§ WHAT THIS TASK INVOLVES:
Each line from the one with "4種の専用アタッチメント付き" through the last line below must be written out exactly. Do not copy pictures.

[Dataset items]
-*-

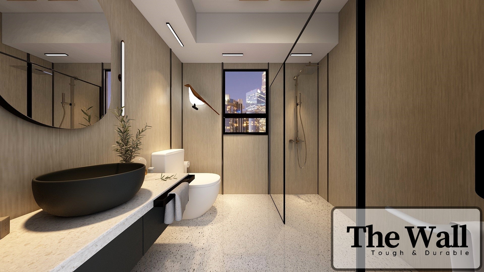 Say goodbye to black mouldy groutings in your bathroom walls. Every The Wall composite slabs covers the full height from floor to ceiling, 100% waterproof, high stain resistance, washing bleach-proof.
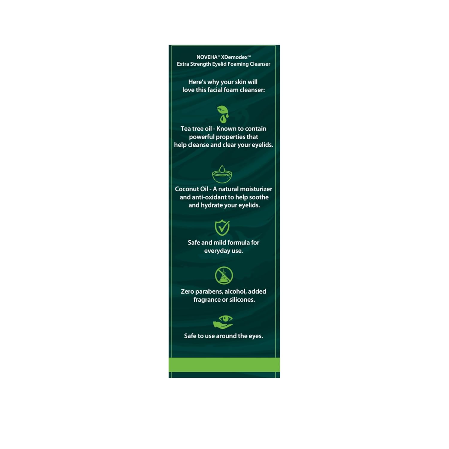 NOVEHA Demodex Eyelid Cleanser Foam | Extra Strength Tea Tree Oil Formula | Daily Face Wash For Eyelash, Demodex, MGD, Stye Eyes, Eye Irritations & Skin Dryness, 3.38 fl. oz. (100ml) - (Pack of 2)
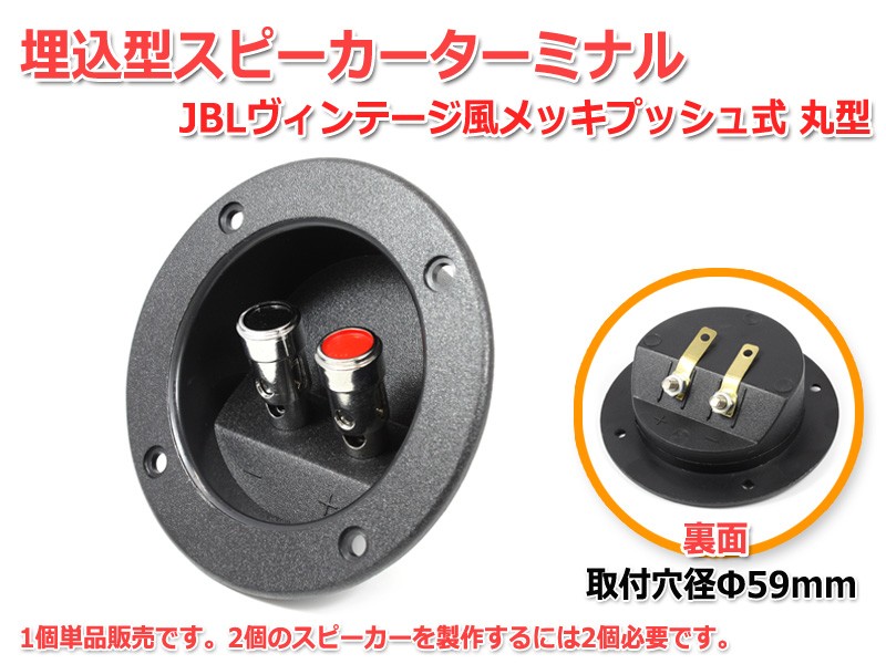 こちらは古いJBLスピーカーによく採用されていた形状のプッシュ式のターミナルです。レトロ感のあるスピーカーやJBLルックなスピーカーの製作、JBLスピーカーの修理用としてもいかがでしょうか?
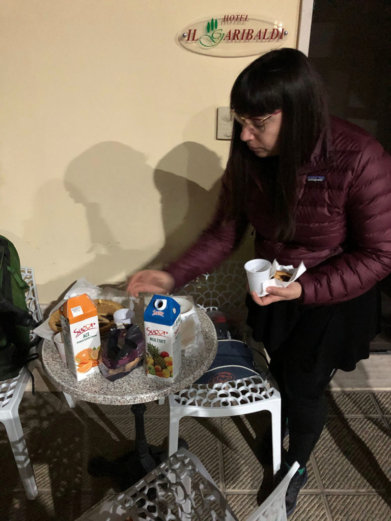 Dopo le varie prove, cotti come fegatelli, ci ritiriamo tutti nelle nostre camere e puntiamo la sveglia alle 5. Prima di andare a dormire chiediamo al ristorante dell’albergo se avremmo trovato una colazione a quell’ora. Ci rispondono con una sonora risata, tipo quella del poliziotto a cui Lebowski aveva chiesto se qualche agente era alla ricerca della sua valigetta rubata.
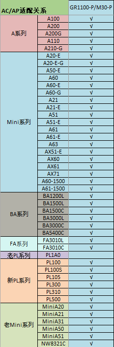 M30-P可管理的AP有A系列,Mini系列,BA系列,FA系列,新PL系列,老Mini系列。请在下图中查看详细AP型号
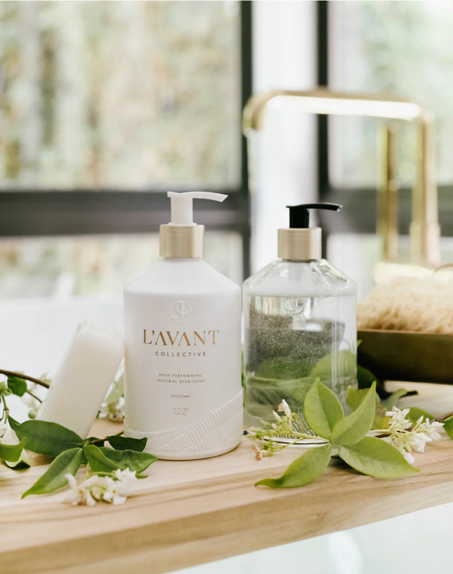 This luxurious, concentrated plant-based dish soap features our delicate Fresh Linen fragrance and comes in a beautiful, refillable matte white glass bottle. Perfect for any countertop, this soap provides a premium cleaning experience with results that surpass expectations.
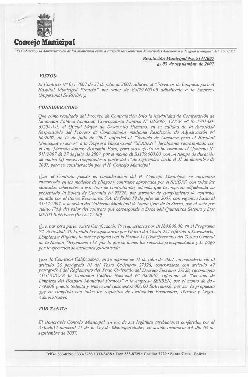 Aprueba el Contrato N° 011/2007 de 27 de julio de 2007, relativo al “SERVICIO DE LIMPIEZA PARA EL HOSPITAL MUNICIPAL FRANCES”, por el monto de Bs. 179.600.00 (CIENTO SETENTA Y NUEVE MIL SEISCIENTOS 00/100 BOLIVIANOS), adjudicada a la Empresa “SERBEN”.
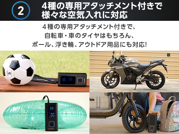 4種の専用アタッチメント付きで、自転車・車のタイヤはもちろん、ボール、浮き輪、アウトドア用品にも対応!
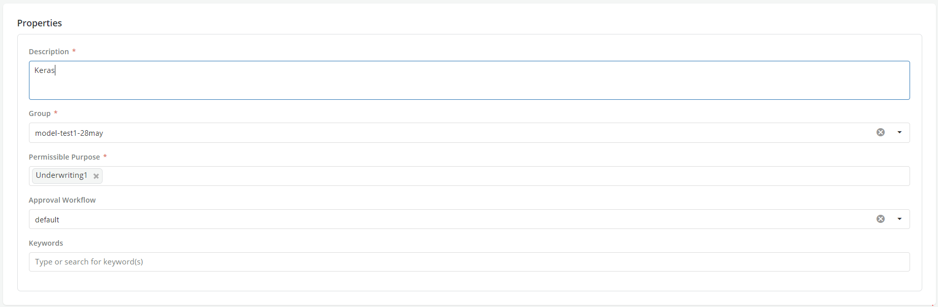 Permissible purpose:The purpose for which the model can be used (e.g., Underwriting or Prospecting). These permissible purposes will be tracked across the platform. If a model is registered and later on used for a purpose other than its permissible purpose(s) the lineage will display red flags.
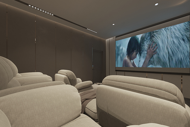 家庭影院前墙作为声音与画面的核心承载区域,其处理效果直接影响观影时的音质纯净度与画面沉浸感。从声学原理到视觉设计,前墙处理需兼顾声音反射控制、低频管理、屏幕安装与整体美观性,是构建专业级家庭影院的关键环节。 前墙的声学处理核心在于平衡吸音与扩散。屏幕背后的墙面若为硬质材料(如混凝土、石膏板),会形成强烈的第一次反射声,导致声音浑浊、定位模糊。此时需在屏幕两侧及上方安装吸音模块,通常选用聚酯纤维吸音板或玻璃棉板,这类材料对中高频(500Hz-4kHz)吸收效果显著,可有效减少反射声干扰。但需注意避免过度吸音,否则会导致声音干涩、缺乏活力。因此,在吸音模块中可嵌入木质扩散体,其不规则表面能将声波打散,使声场更加均匀,尤其适合提升环绕声的包围感。 低频管理是前墙处理的另一重点。家庭影院中,低音炮通常放置在前墙附近,而低频声波(20-200Hz)波长较长,易在墙角堆积形成驻波,导致低音浑浊、层次感缺失。针对这一问题,可在前墙与侧墙的交界处安装低频陷阱,其内部采用亥姆霍兹共振器结构,通过特定腔体设计吸收特定频率的低频能量。例如,针对50Hz驻波,可设计腔体容积为0.5立方米的低频陷阱,其吸收峰值恰好覆盖该频率,从而净化低音表现。 屏幕安装方式与前墙结构密切相关。若采用透声幕(如编织幕或微孔幕),需确保屏幕后方无障碍物,且音箱位置与屏幕中心对齐,以避免声音与画面错位。对于固定式框架幕,需在前墙预留足够深度(通常15-20厘米),以便安装隐藏式音箱。此时,前墙可采用双层结构:外层为装饰面板(如木质格栅或吸音软包),内层为隔音棉与龙骨框架,既保证美观性,又提升隔音效果,防止声音外泄干扰邻居。 视觉设计方面,前墙需与整体装修风格协调。若追求简约风格,可采用白色吸音板与黑色扩散体组合,形成黑白对比的视觉效果;若偏好影院氛围,可安装星空顶或暗光灯带,营造浪漫观影环境。但需注意,灯光亮度需控制在10lux以下,避免干扰画面显示效果。 家庭影院前墙处理是一场声学与美学的平衡术,需从反射控制、低频管理、屏幕安装到视觉设计全面考量。中乐影音凭借多年行业经验,形成了一套科学的前墙处理方案:通过专业声学测试确定吸音扩散比例,定制低频陷阱解决驻波问题,并结合用户审美需求设计个性化装饰方案,让每一面前墙都成为提升观影体验的“隐形功臣”。

-*-

§ WRITTEN RESPONSE:
 4種の専用アタッチメント付きで、自転車・車のタイヤはもちろん、ボール、浮き輪、アウトドア用品にも対応!
 Permissible purpose:The purpose for which the model can be used (e.g., Underwriting or Prospecting). These permissible purposes will be tracked across the platform. If a model is registered and later on used for a purpose other than its permissible purpose(s) the lineage will display red flags.
 家庭影院前墙作为声音与画面的核心承载区域,其处理效果直接影响观影时的音质纯净度与画面沉浸感。从声学原理到视觉设计,前墙处理需兼顾声音反射控制、低频管理、屏幕安装与整体美观性,是构建专业级家庭影院的关键环节。 前墙的声学处理核心在于平衡吸音与扩散。屏幕背后的墙面若为硬质材料(如混凝土、石膏板),会形成强烈的第一次反射声,导致声音浑浊、定位模糊。此时需在屏幕两侧及上方安装吸音模块,通常选用聚酯纤维吸音板或玻璃棉板,这类材料对中高频(500Hz-4kHz)吸收效果显著,可有效减少反射声干扰。但需注意避免过度吸音,否则会导致声音干涩、缺乏活力。因此,在吸音模块中可嵌入木质扩散体,其不规则表面能将声波打散,使声场更加均匀,尤其适合提升环绕声的包围感。 低频管理是前墙处理的另一重点。家庭影院中,低音炮通常放置在前墙附近,而低频声波(20-200Hz)波长较长,易在墙角堆积形成驻波,导致低音浑浊、层次感缺失。针对这一问题,可在前墙与侧墙的交界处安装低频陷阱,其内部采用亥姆霍兹共振器结构,通过特定腔体设计吸收特定频率的低频能量。例如,针对50Hz驻波,可设计腔体容积为0.5立方米的低频陷阱,其吸收峰值恰好覆盖该频率,从而净化低音表现。 屏幕安装方式与前墙结构密切相关。若采用透声幕(如编织幕或微孔幕),需确保屏幕后方无障碍物,且音箱位置与屏幕中心对齐,以避免声音与画面错位。对于固定式框架幕,需在前墙预留足够深度(通常15-20厘米),以便安装隐藏式音箱。此时,前墙可采用双层结构:外层为装饰面板(如木质格栅或吸音软包),内层为隔音棉与龙骨框架,既保证美观性,又提升隔音效果,防止声音外泄干扰邻居。 视觉设计方面,前墙需与整体装修风格协调。若追求简约风格,可采用白色吸音板与黑色扩散体组合,形成黑白对比的视觉效果;若偏好影院氛围,可安装星空顶或暗光灯带,营造浪漫观影环境。但需注意,灯光亮度需控制在10lux以下,避免干扰画面显示效果。 家庭影院前墙处理是一场声学与美学的平衡术,需从反射控制、低频管理、屏幕安装到视觉设计全面考量。中乐影音凭借多年行业经验,形成了一套科学的前墙处理方案:通过专业声学测试确定吸音扩散比例,定制低频陷阱解决驻波问题,并结合用户审美需求设计个性化装饰方案,让每一面前墙都成为提升观影体验的“隐形功臣”。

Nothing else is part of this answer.